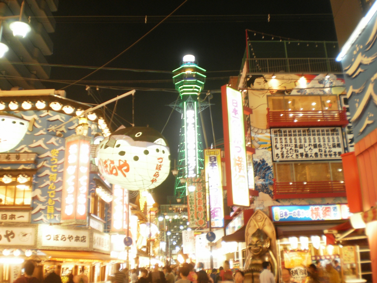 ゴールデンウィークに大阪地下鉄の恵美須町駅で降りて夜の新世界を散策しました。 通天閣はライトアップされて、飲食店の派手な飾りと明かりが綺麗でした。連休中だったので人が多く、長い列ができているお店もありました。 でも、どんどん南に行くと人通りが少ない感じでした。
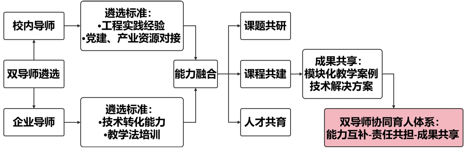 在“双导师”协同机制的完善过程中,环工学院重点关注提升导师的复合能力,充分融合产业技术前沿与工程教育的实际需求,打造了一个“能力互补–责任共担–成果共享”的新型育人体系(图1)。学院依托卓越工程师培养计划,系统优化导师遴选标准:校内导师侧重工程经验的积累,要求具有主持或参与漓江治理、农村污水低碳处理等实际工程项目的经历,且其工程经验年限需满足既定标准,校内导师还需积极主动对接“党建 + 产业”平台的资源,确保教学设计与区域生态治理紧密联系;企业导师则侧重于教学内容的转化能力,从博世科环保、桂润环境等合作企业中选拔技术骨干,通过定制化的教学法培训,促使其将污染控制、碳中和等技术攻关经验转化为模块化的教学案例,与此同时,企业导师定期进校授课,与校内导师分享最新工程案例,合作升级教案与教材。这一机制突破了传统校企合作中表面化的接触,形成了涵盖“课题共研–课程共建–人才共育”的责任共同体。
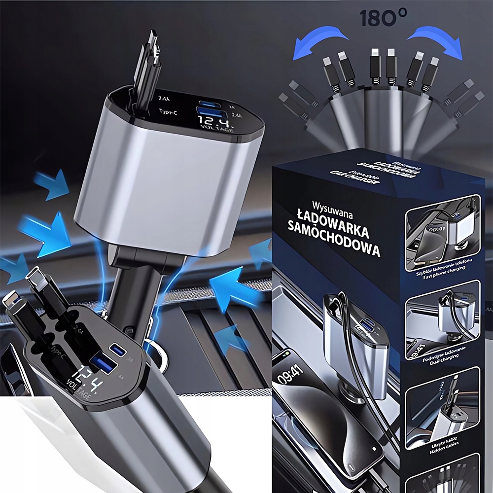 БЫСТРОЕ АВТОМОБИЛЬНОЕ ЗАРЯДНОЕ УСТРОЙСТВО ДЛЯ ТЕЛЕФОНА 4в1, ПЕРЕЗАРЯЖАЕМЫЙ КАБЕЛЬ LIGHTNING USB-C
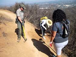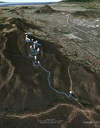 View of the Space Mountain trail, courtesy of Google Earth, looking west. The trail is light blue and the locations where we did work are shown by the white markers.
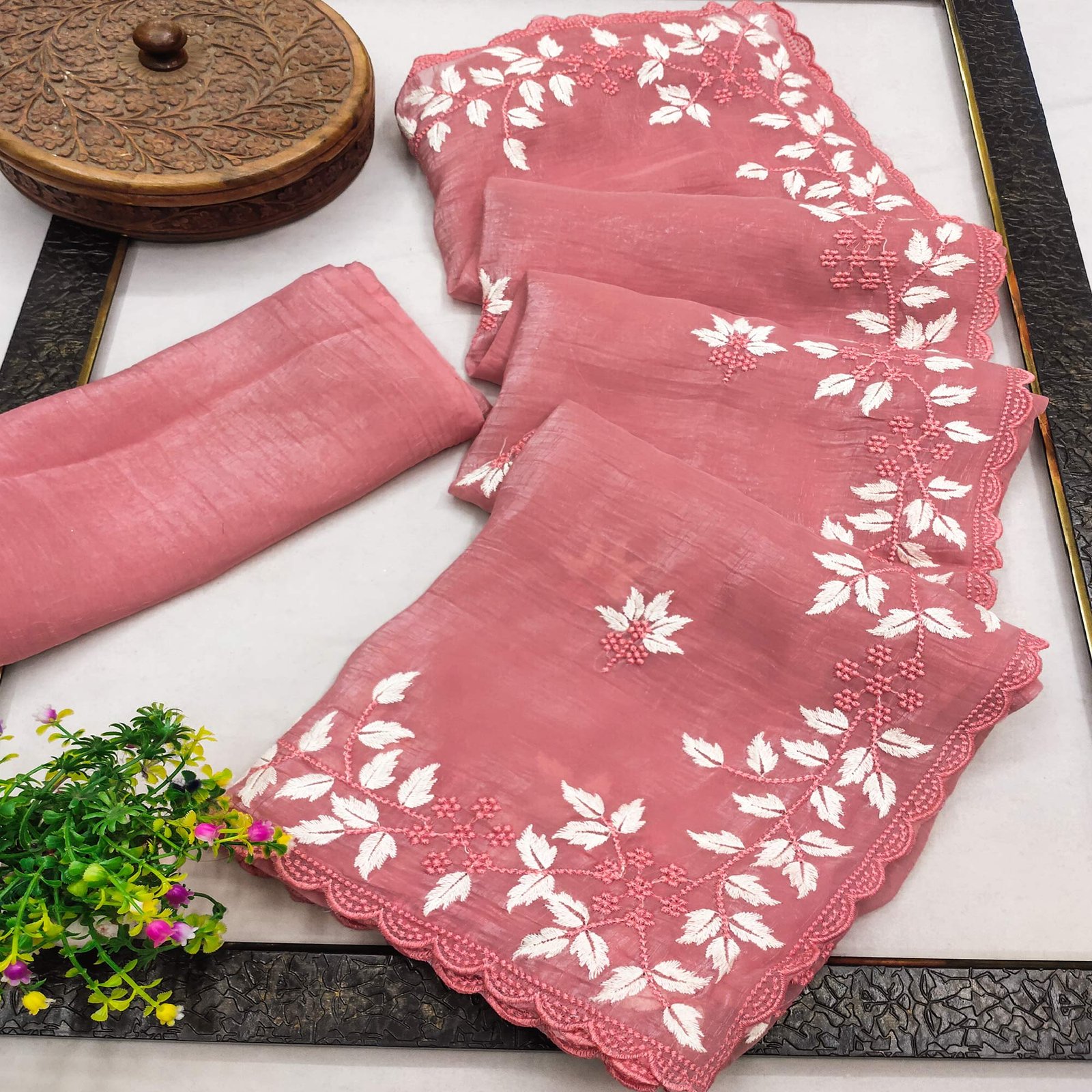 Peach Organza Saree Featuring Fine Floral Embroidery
#####
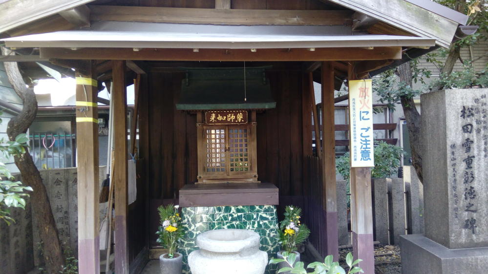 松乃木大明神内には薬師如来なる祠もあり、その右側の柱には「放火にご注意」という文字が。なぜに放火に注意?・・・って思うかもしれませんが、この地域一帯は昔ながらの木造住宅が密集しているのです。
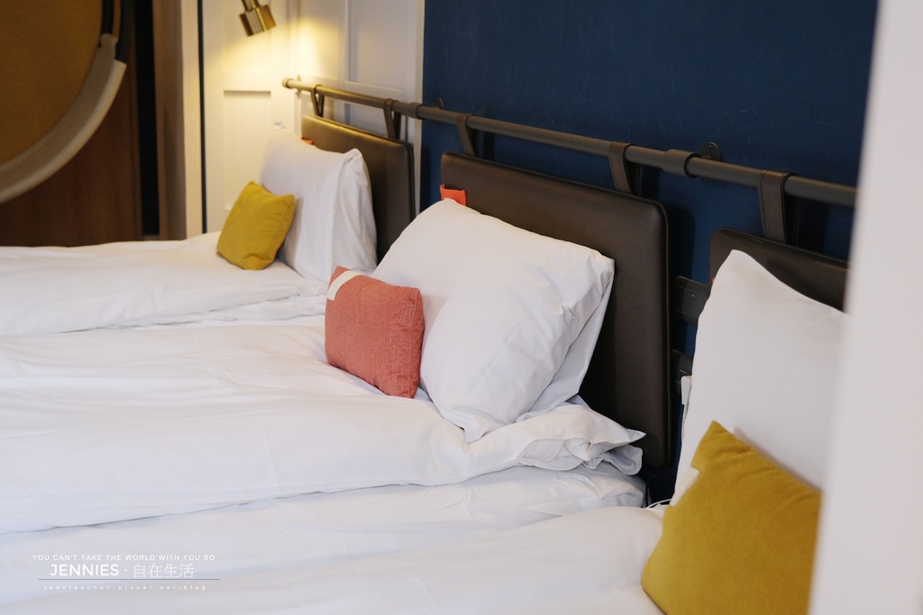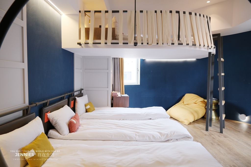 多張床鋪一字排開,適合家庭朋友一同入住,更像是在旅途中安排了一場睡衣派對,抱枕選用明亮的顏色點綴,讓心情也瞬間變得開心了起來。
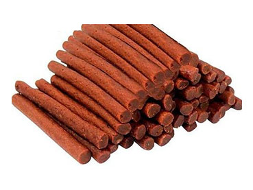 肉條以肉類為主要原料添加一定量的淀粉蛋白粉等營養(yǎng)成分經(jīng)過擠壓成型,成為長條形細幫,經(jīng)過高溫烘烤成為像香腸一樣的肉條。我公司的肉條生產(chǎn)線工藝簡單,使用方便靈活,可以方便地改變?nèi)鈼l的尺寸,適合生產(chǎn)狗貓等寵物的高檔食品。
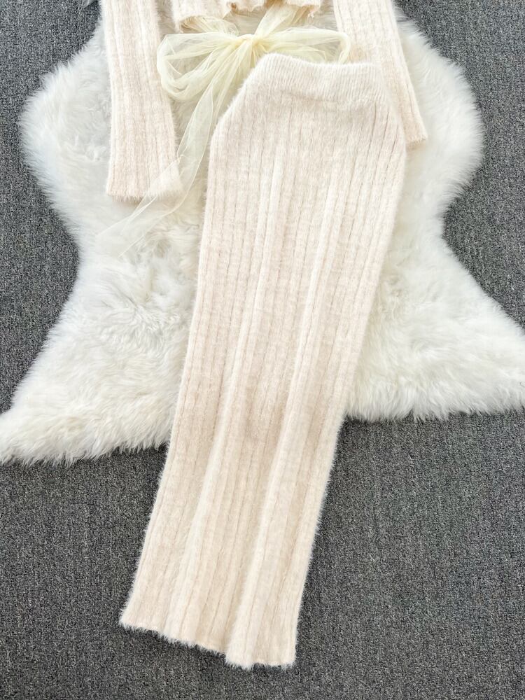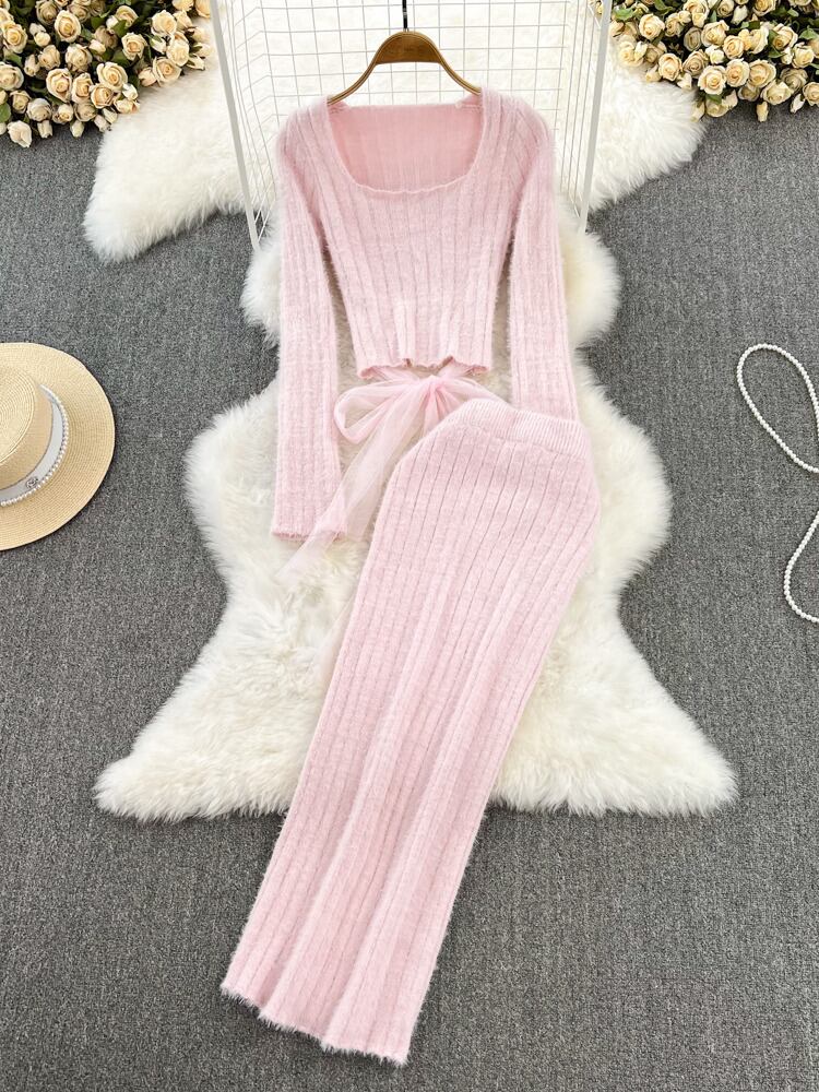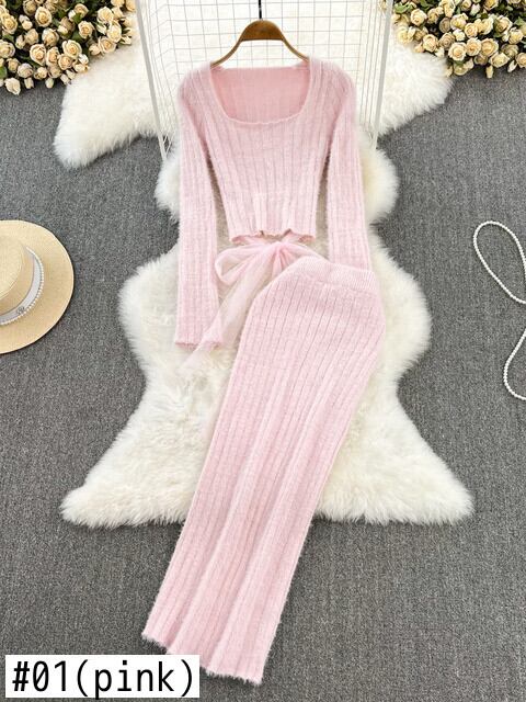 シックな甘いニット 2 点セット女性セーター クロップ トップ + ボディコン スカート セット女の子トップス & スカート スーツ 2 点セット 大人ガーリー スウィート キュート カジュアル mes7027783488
#####
WHAT YOU ARE ASKED TO DO> Now transcribe the lines above exactly, starting at the line containing "БЫСТРОЕ АВТОМОБИЛЬНОЕ ЗАРЯДНОЕ" and ending at the line containing "Peach Organza Saree", both lines included, pictures excluded.

YOUR SOLUTION>
 БЫСТРОЕ АВТОМОБИЛЬНОЕ ЗАРЯДНОЕ УСТРОЙСТВО ДЛЯ ТЕЛЕФОНА 4в1, ПЕРЕЗАРЯЖАЕМЫЙ КАБЕЛЬ LIGHTNING USB-C
 View of the Space Mountain trail, courtesy of Google Earth, looking west. The trail is light blue and the locations where we did work are shown by the white markers.
 Peach Organza Saree Featuring Fine Floral Embroidery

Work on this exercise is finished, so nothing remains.